[COLLECTED MATERIAL Boundary: Start]

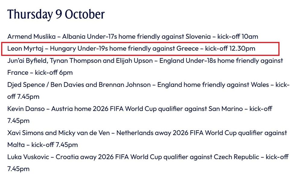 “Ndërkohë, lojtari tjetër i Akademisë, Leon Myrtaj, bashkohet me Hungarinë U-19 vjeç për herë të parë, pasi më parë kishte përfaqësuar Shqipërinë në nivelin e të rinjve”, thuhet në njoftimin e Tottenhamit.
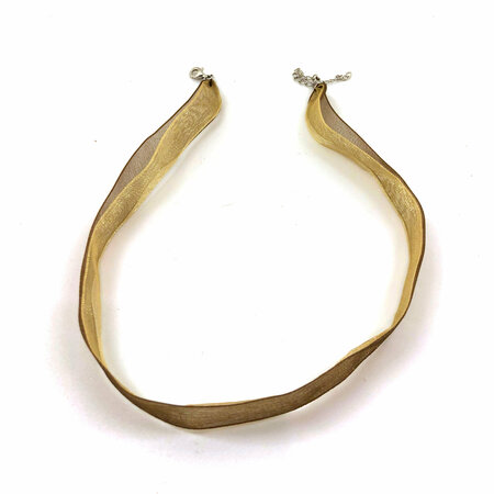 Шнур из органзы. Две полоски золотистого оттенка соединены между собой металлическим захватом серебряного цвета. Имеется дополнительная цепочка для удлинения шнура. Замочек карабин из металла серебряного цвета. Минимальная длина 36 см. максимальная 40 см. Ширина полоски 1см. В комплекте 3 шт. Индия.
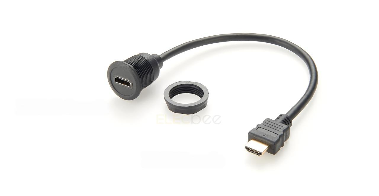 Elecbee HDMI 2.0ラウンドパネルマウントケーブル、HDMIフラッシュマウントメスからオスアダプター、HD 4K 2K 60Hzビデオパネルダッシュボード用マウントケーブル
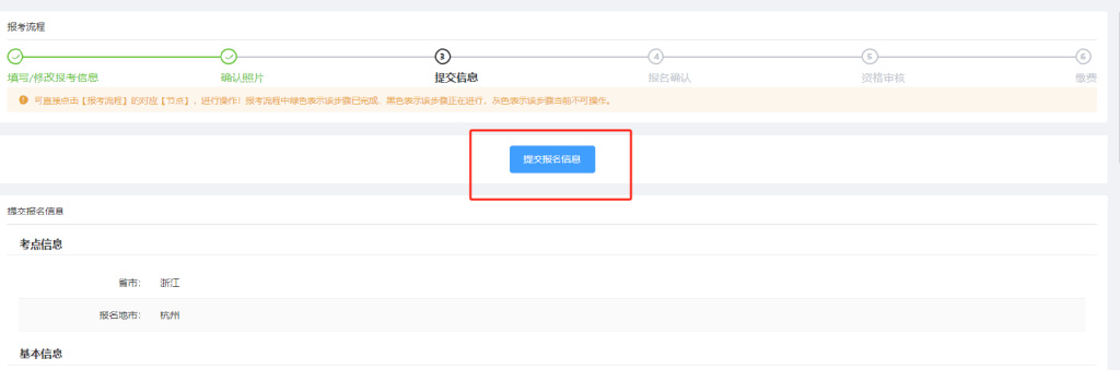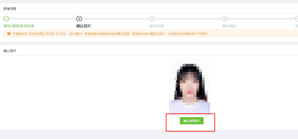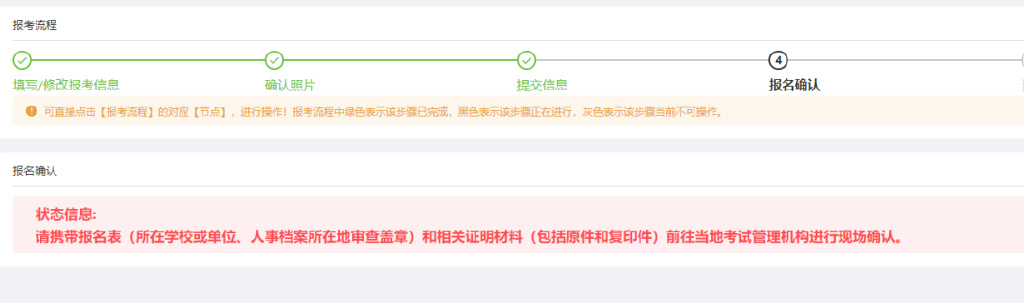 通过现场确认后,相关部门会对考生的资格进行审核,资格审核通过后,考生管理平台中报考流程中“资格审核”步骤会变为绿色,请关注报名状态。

[COLLECTED MATERIAL Boundary: End]

- TASK
Please restate word for word each line from the one containing "Шнур из органзы." to the end of the data above, without the pictures.

- FINISHED TASK
 Шнур из органзы. Две полоски золотистого оттенка соединены между собой металлическим захватом серебряного цвета. Имеется дополнительная цепочка для удлинения шнура. Замочек карабин из металла серебряного цвета. Минимальная длина 36 см. максимальная 40 см. Ширина полоски 1см. В комплекте 3 шт. Индия.
 Elecbee HDMI 2.0ラウンドパネルマウントケーブル、HDMIフラッシュマウントメスからオスアダプター、HD 4K 2K 60Hzビデオパネルダッシュボード用マウントケーブル
 通过现场确认后,相关部门会对考生的资格进行审核,资格审核通过后,考生管理平台中报考流程中“资格审核”步骤会变为绿色,请关注报名状态。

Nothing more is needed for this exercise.